Reproduce only the lines below from the line containing "Schumer speaks at" to the line containing "À§ÇØ 10§¸ ¹é¹Ì", exactly as written, with both end lines kept. Omit the pictures.

** Opening SOURCE MATERIAL block **

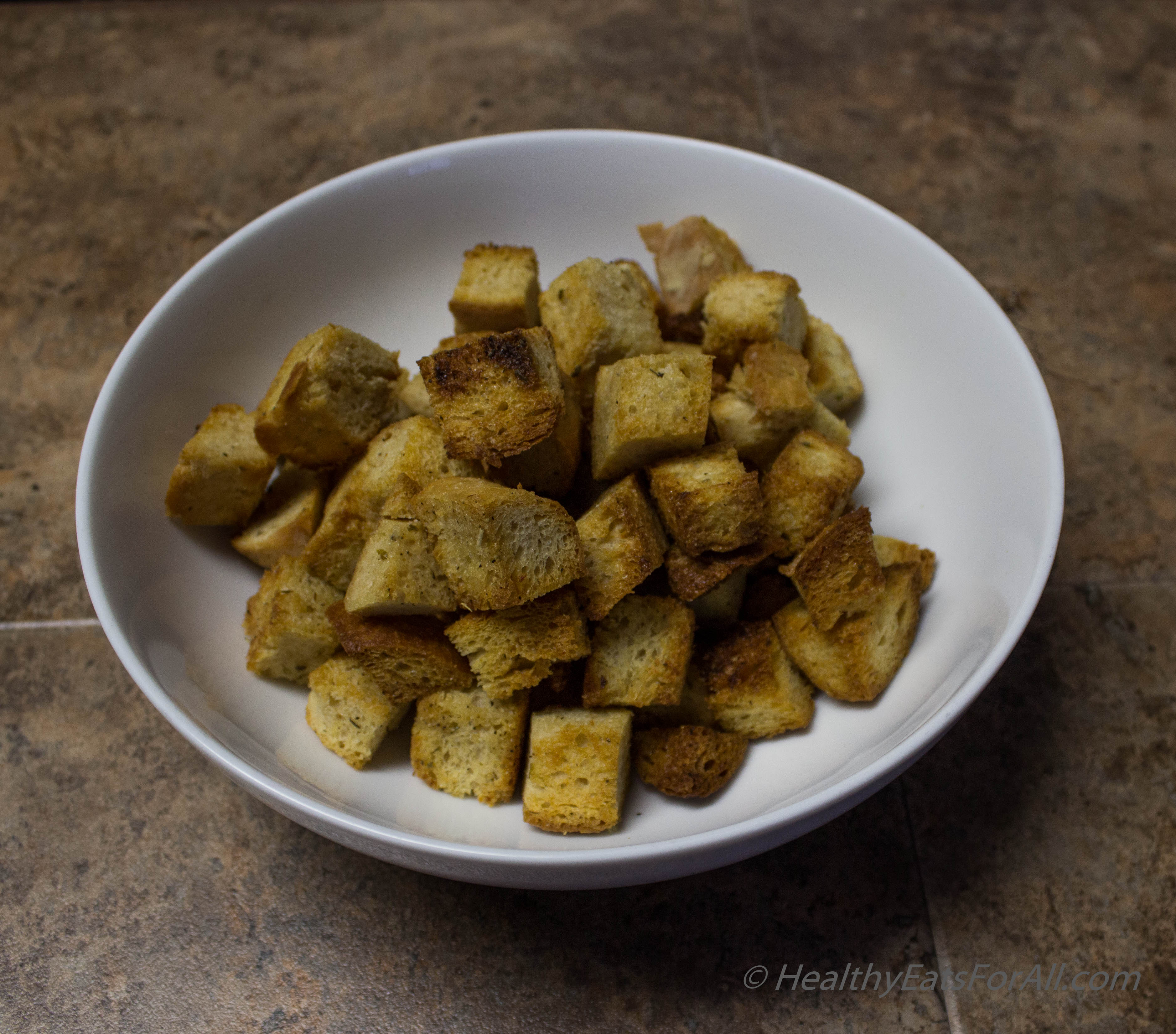 In order to make the croutons, I used 3-4 days old Italian bread. But if you don’t have that, you can use regular bread slices also. It is very versatile. Feel free to add grated parmesan cheese, red chili flakes etc. for extra flavor.
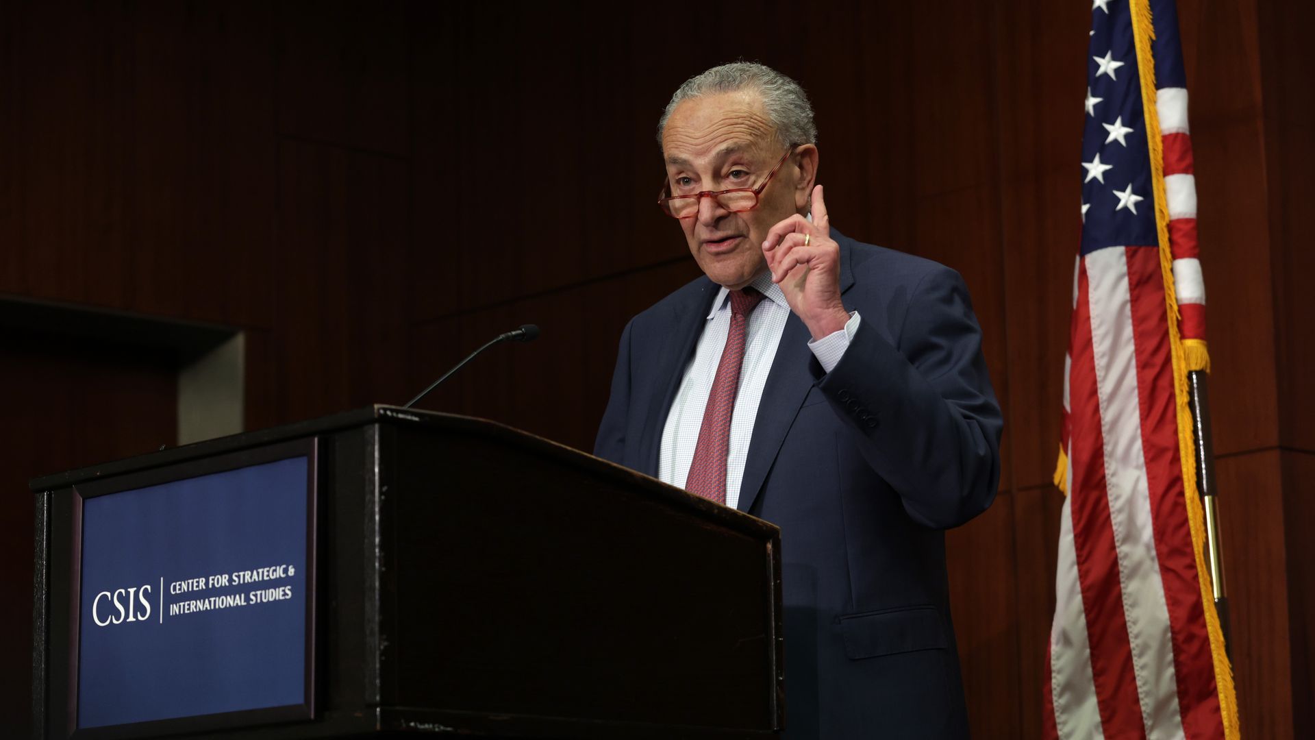 Schumer speaks at the Center for Strategic and International Studies Wednesday. Photo: Alex Wong/Getty Images
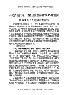 公司党委委员、纪检监督室主任2025年度民主生活会个人对照检查材料.docx
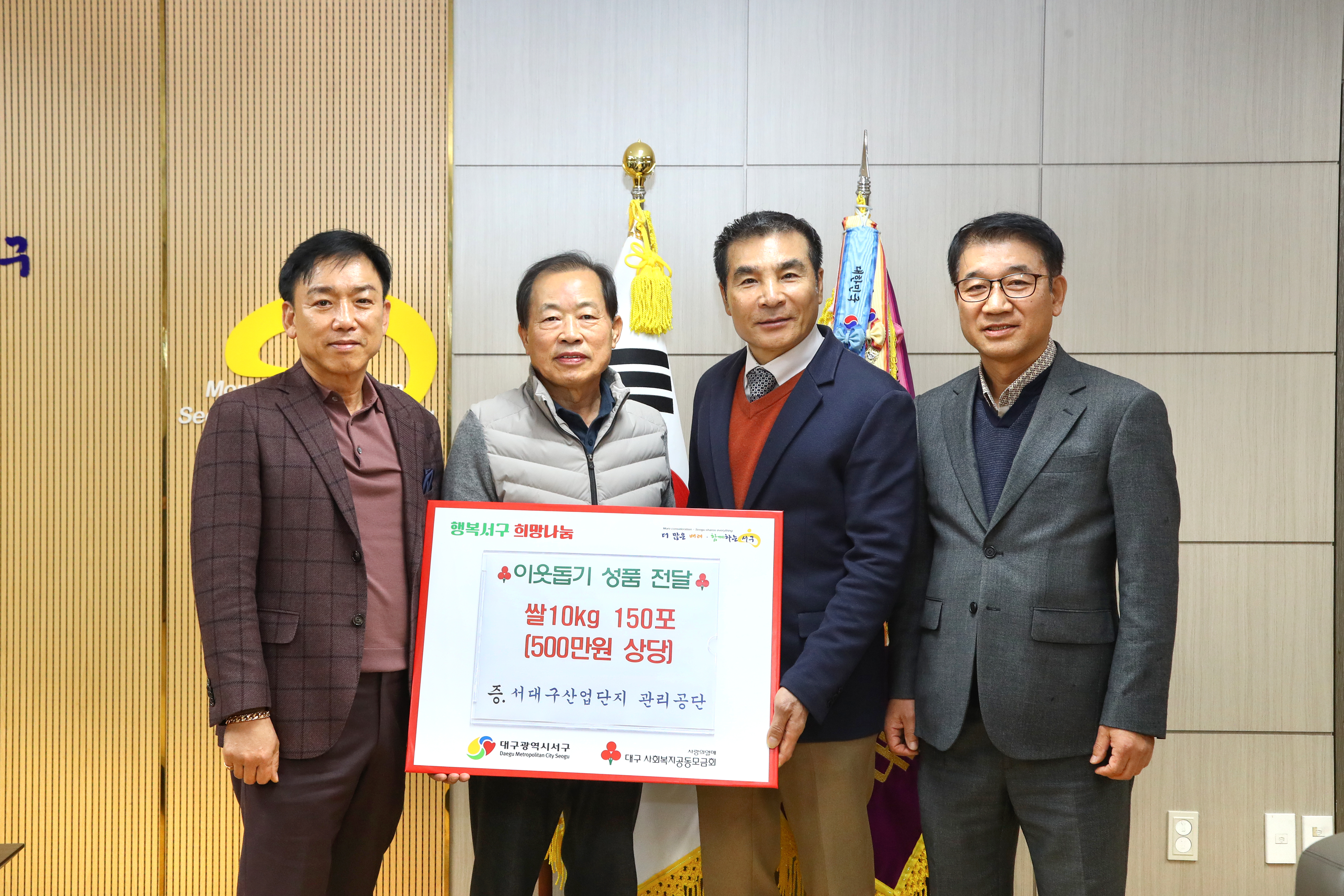 ¼´ë±¸»ê¾÷´ÜÁö°ü¸®°ø´Ü(ÀÌ»çÀå Á¶¿ë¿í)Àº ¿¬¸»À» ¸Â¾Æ ¾î·Á¿î ÀÌ¿ôÀ» À§ÇØ 10§¸ ¹é¹Ì 150Æ÷(500¸¸¿ø »ó´ç)¸¦ ´ë±¸ ¼±¸Ã»¿¡ ±âºÎÇß½À´Ï´Ù.
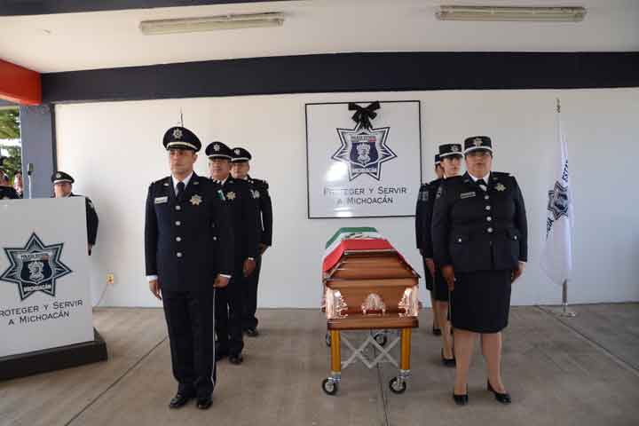 El oficial de la Policía Estatal Preventiva (PEP), Jesús Alberto Fonseca Saucedo, fue despedido en una ceremonia luctuosa con honores, en un acto protocolario encabezado por el subsecretario de Prevención y Reinserción Social, comisario jefe, Manuel Alejandro Lluch García, quien fungió como

** Closing SOURCE MATERIAL block **

**SOLUTION BELOW:**
 Schumer speaks at the Center for Strategic and International Studies Wednesday. Photo: Alex Wong/Getty Images
 公司党委委员、纪检监督室主任2025年度民主生活会个人对照检查材料.docx
 ¼´ë±¸»ê¾÷´ÜÁö°ü¸®°ø´Ü(ÀÌ»çÀå Á¶¿ë¿í)Àº ¿¬¸»À» ¸Â¾Æ ¾î·Á¿î ÀÌ¿ôÀ» À§ÇØ 10§¸ ¹é¹Ì 150Æ÷(500¸¸¿ø »ó´ç)¸¦ ´ë±¸ ¼±¸Ã»¿¡ ±âºÎÇß½À´Ï´Ù.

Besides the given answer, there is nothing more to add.